[Collection entries]
---*---
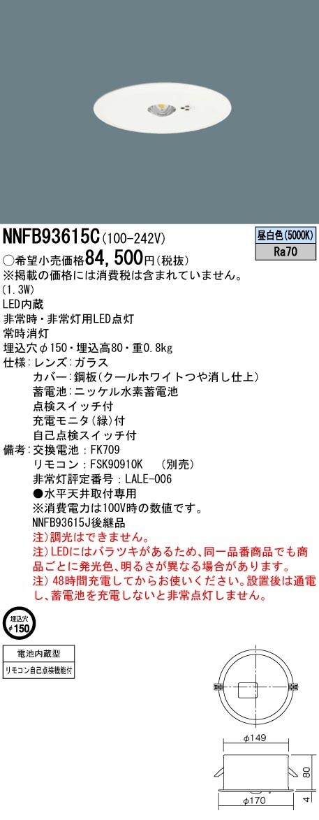 ◆天井埋込型、埋込穴φ150、30分間タイプ・LED中天井用(~6m)
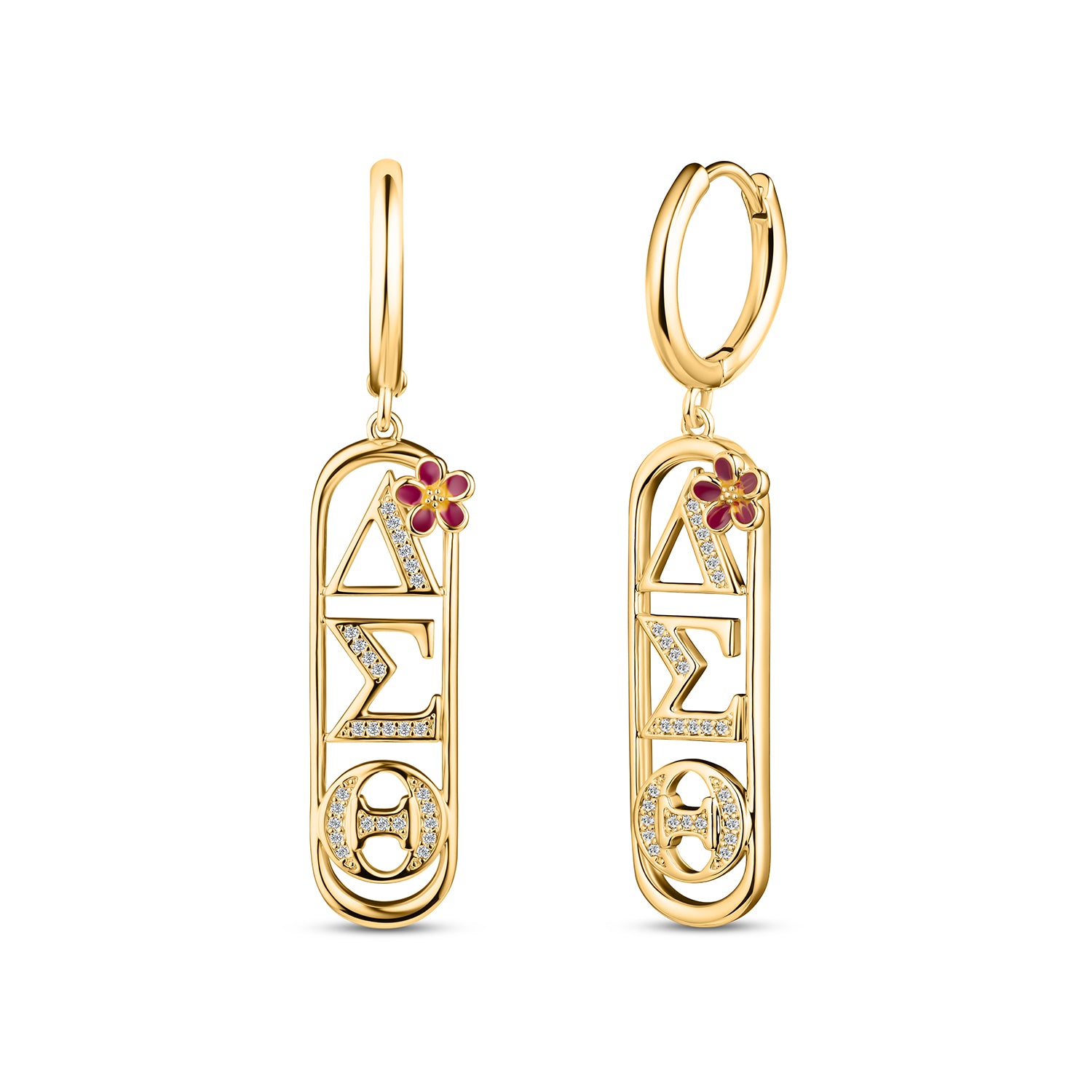 Adorably Chic! ✨ Introducing the Vertical DST Letters with Mini African Violet – a charming earring set that’s too cute to resist! Featuring elegant vertical DST letters adorned with delicate mini African violets, this piece adds a touch of sophistication.. Perfect for showing off your Greek pride with a dash of floral flair, these accents are a must-have for anyone looking to elevate their ear candy!
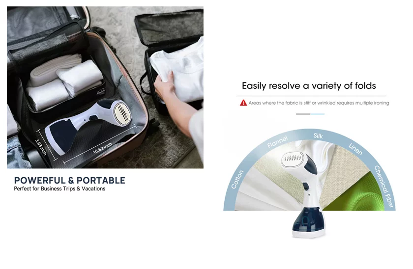Parný naparovač odevov dodá vášmu outfitu svieži vzhľad už behom niekoľko chvíľ. Je ideálnym pomocníkom na hektické rána. Dajte zbohom zápoleniu so žehliacou doskou a žehličkou. Ručný naparovač si bez problémov poradí nie len s vyhladením záhybov na oblečení, ale veľmi jednoducho s ním upravíte i záclony, bez toho, aby ste ich museli snímať z garniží, alebo ho použite trebárs i na sedačky a ložný textil. Veľmi dobre vyžehlí i oblečenie na ramienku.
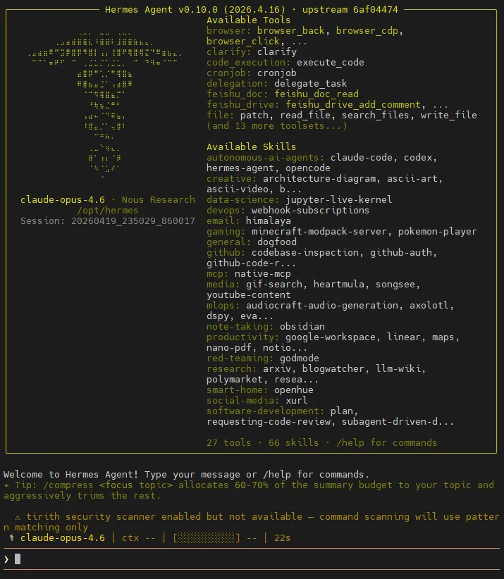 curl -fsSL https://raw.githubusercontent.com/NousResearch/hermes-agent/main/scripts/install.sh | bash
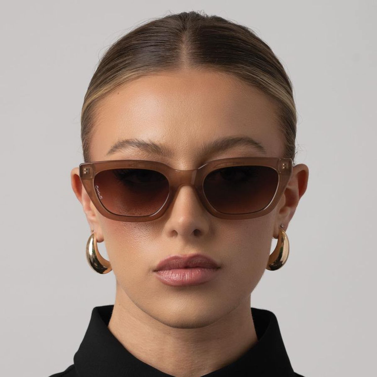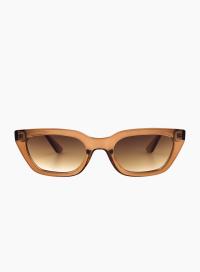 Nove fra Otra Eyewear er en trendy solbrille med en slank cat-eye fasong. Tynn ramme i brun farge og sotede linser. 100% UV beskyttelse.
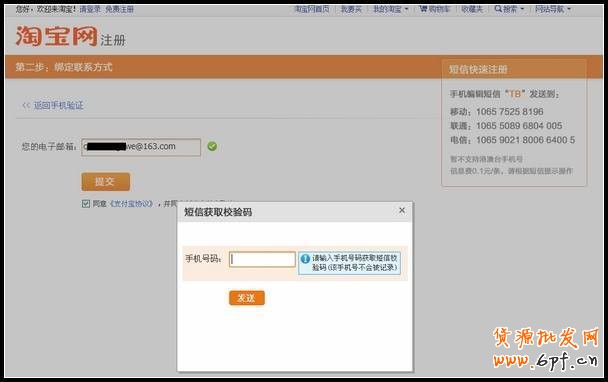 綁定郵箱作為聯系方式時,需要通過一個手機號來收取動態校驗碼,該手機號可以是任意手機號(包括已在淘寶注冊過的手機號)
---*---
# THE PROBLEM
All lines from the one containing "Nove fra Otra" through the final line of the records are to be retyped exactly; no other lines and no pictures are to be included.

# SOLUTION TO THIS TASK
 Nove fra Otra Eyewear er en trendy solbrille med en slank cat-eye fasong. Tynn ramme i brun farge og sotede linser. 100% UV beskyttelse.
 綁定郵箱作為聯系方式時,需要通過一個手機號來收取動態校驗碼,該手機號可以是任意手機號(包括已在淘寶注冊過的手機號)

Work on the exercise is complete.